Outdoor objects may include parts made up of organic materials such as wood, leather, textiles (although not common), plastics (like polyester and polyurethane), natural rubber and other elastomers, etc. These are vulnerable to attack by light, especially the UV component of sunlight. Damage typically involves a depolymerization and subsequent gradual disintegration of the surfaces. For example, the surfaces of fibreglass-reinforced polyester sculptures can discolour, dull and become increasingly vulnerable to further deterioration by water. As well, paints and coatings on outdoor objects are vulnerable to high light and UV levels present in sunlight. The result is that many colourants will fade and that paint binders and other surface coatings will crack, chalk and disintegrate. Often varnish coatings applied to wood deteriorate from a combination of light-induced failure and exposure to water. These will break apart and peel away from underlying surfaces. Deterioration of these protective coatings allows water to enter structures with the probable result of mould growth, discolouration and rotting of organic materials. Infrared radiation causes heating, which accelerates many degradation reactions, drying out and embrittling organic materials.

Recommendations

  • Choose the site with the vulnerabilities of the particular object in mind.
  • Assess the object’s vulnerability to light. Light is ubiquitous in outdoor display, but southern exposures can be more damaging than northern, eastern or western exposures. Materials like polyester resin-infused fibreglass or painted objects are particularly sensitive to prolonged exposure to light.
  • Block direct sunlight from interiors of vehicles with blinds, boards, etc.
  • Erect large-roofed shelters over objects or groups of objects to prevent exposure to rainwater and direct sunlight. The overhang of the roof should be large enough to screen the object when the sun is at its lowest point (winter solstice).

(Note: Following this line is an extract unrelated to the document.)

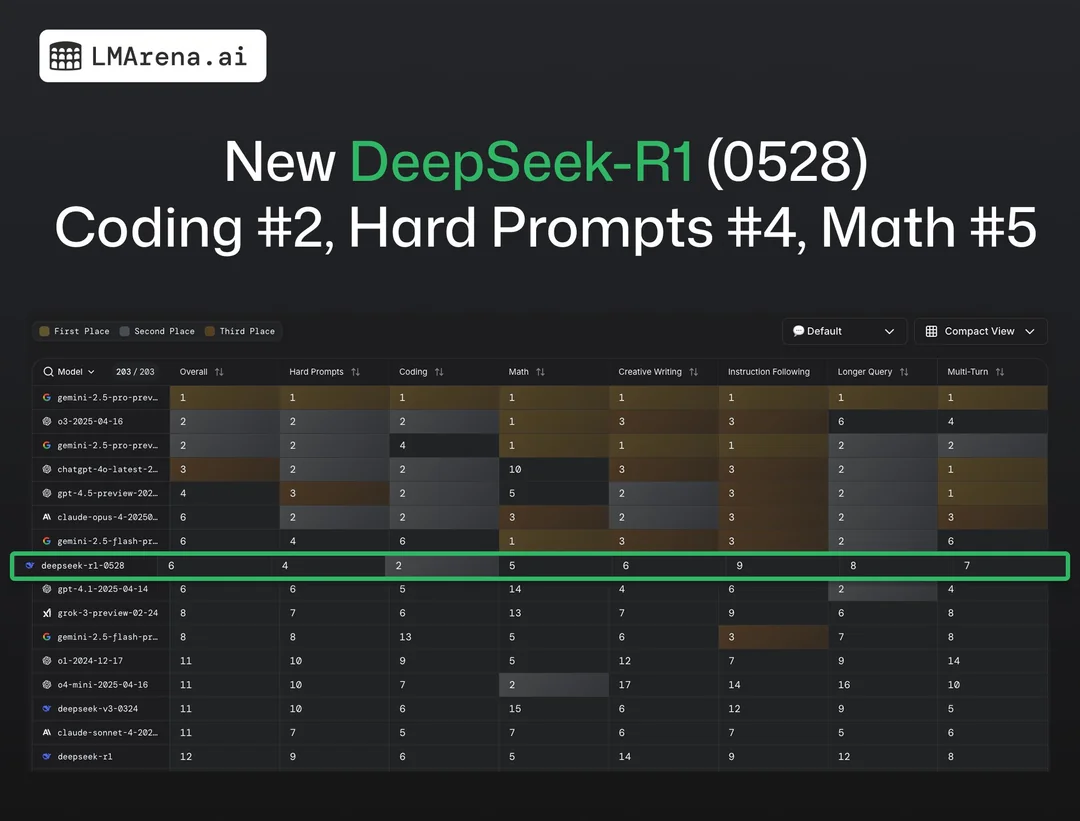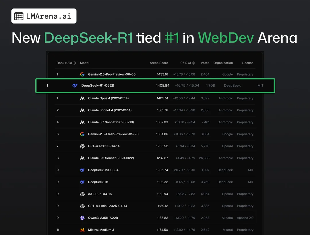 真正引起开发者社区关注的是 R1(0528)在大模型公共基准测试平台 LMArena 上的性能排名超越了多个顶尖封闭模型。

Examples in preventive conservation practices

Preventive conservation concerns for locomotives housed outdoors

Custom-built enclosures

Locomotives displayed and stored outdoors are exposed regularly to most of the agents of deterioration and are continuously under attack. In this situation, weather, vandalism and neglect cannot be countered effectively, even with the most intense program of inspection and maintenance. Water is the most destructive agent of deterioration to the metal and wood components. Water will be absorbed by wood and other absorbent materials, resulting in corrosion of adjacent metals, biological growth and attack by pests. Water, particularly in association with pollutants in the air and soil, will result in rapid corrosion of metals.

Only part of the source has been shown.